Items from a dataset:

----------------------------------------

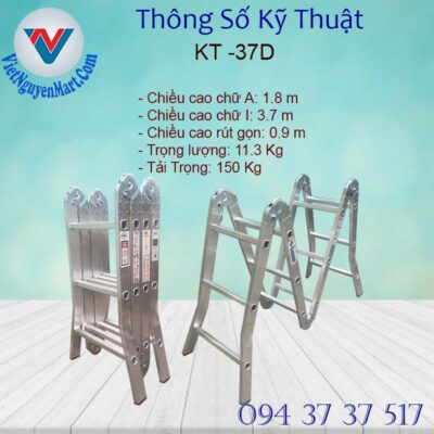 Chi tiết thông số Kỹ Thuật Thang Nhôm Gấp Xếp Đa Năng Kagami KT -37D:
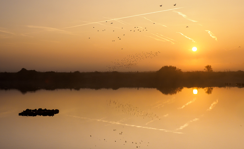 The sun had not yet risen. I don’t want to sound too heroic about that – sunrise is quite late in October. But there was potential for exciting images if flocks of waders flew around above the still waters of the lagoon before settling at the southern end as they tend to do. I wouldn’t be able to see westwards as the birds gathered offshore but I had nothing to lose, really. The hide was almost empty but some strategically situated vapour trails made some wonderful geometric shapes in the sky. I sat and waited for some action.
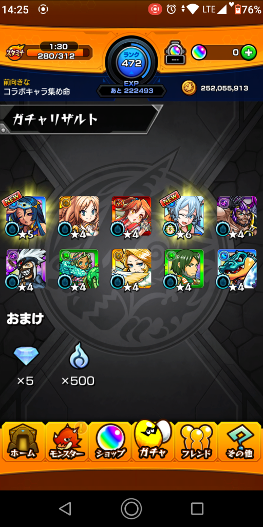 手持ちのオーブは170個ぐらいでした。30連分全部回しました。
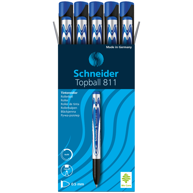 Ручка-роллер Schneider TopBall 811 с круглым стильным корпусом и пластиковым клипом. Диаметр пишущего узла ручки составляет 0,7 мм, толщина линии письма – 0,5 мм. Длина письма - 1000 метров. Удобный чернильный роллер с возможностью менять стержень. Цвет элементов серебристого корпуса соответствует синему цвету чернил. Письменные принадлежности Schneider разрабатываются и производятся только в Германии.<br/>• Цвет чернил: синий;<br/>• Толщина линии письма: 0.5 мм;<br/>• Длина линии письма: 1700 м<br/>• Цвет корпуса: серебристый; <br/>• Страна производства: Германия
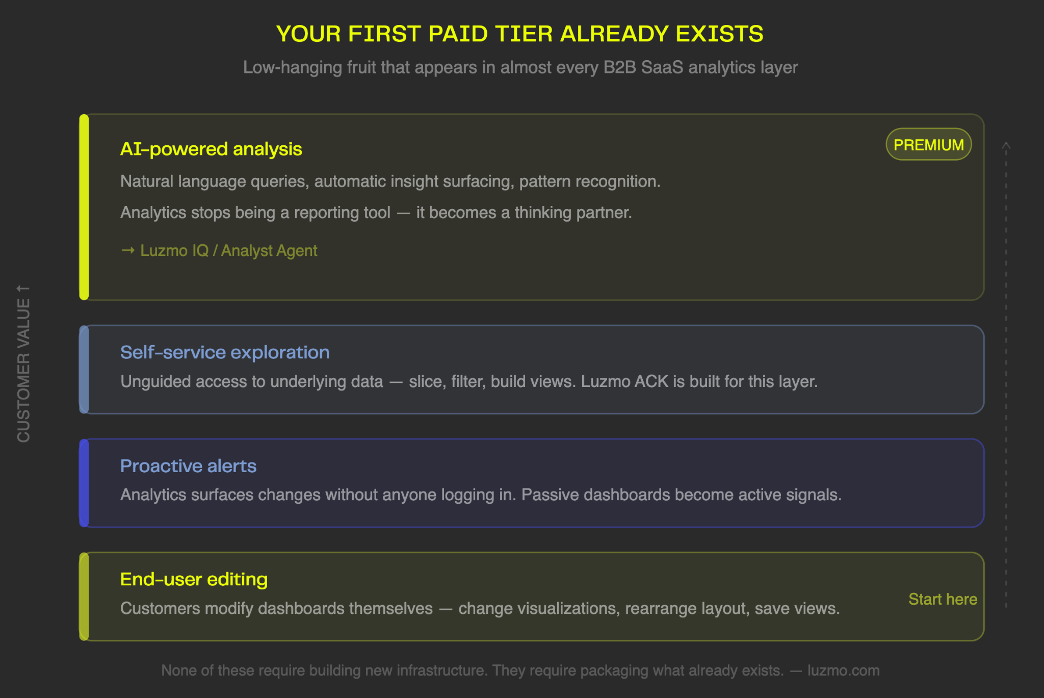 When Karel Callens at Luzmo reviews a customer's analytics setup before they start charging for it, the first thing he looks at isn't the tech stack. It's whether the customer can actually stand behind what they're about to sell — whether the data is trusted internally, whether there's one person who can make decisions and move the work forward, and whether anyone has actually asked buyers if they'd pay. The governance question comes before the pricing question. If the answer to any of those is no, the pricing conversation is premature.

----------------------------------------

-- TASK OBJECTIVE --
Would you please repeat only the lines above, beginning at the one that has "The sun had" and stopping after the one that has "Ручка-роллер Schneider TopBall", exactly and with no pictures?

-- REPLY TO THE EXERCISE --
 The sun had not yet risen. I don’t want to sound too heroic about that – sunrise is quite late in October. But there was potential for exciting images if flocks of waders flew around above the still waters of the lagoon before settling at the southern end as they tend to do. I wouldn’t be able to see westwards as the birds gathered offshore but I had nothing to lose, really. The hide was almost empty but some strategically situated vapour trails made some wonderful geometric shapes in the sky. I sat and waited for some action.
 手持ちのオーブは170個ぐらいでした。30連分全部回しました。
 Ручка-роллер Schneider TopBall 811 с круглым стильным корпусом и пластиковым клипом. Диаметр пишущего узла ручки составляет 0,7 мм, толщина линии письма – 0,5 мм. Длина письма - 1000 метров. Удобный чернильный роллер с возможностью менять стержень. Цвет элементов серебристого корпуса соответствует синему цвету чернил. Письменные принадлежности Schneider разрабатываются и производятся только в Германии.<br/>• Цвет чернил: синий;<br/>• Толщина линии письма: 0.5 мм;<br/>• Длина линии письма: 1700 м<br/>• Цвет корпуса: серебристый; <br/>• Страна производства: Германия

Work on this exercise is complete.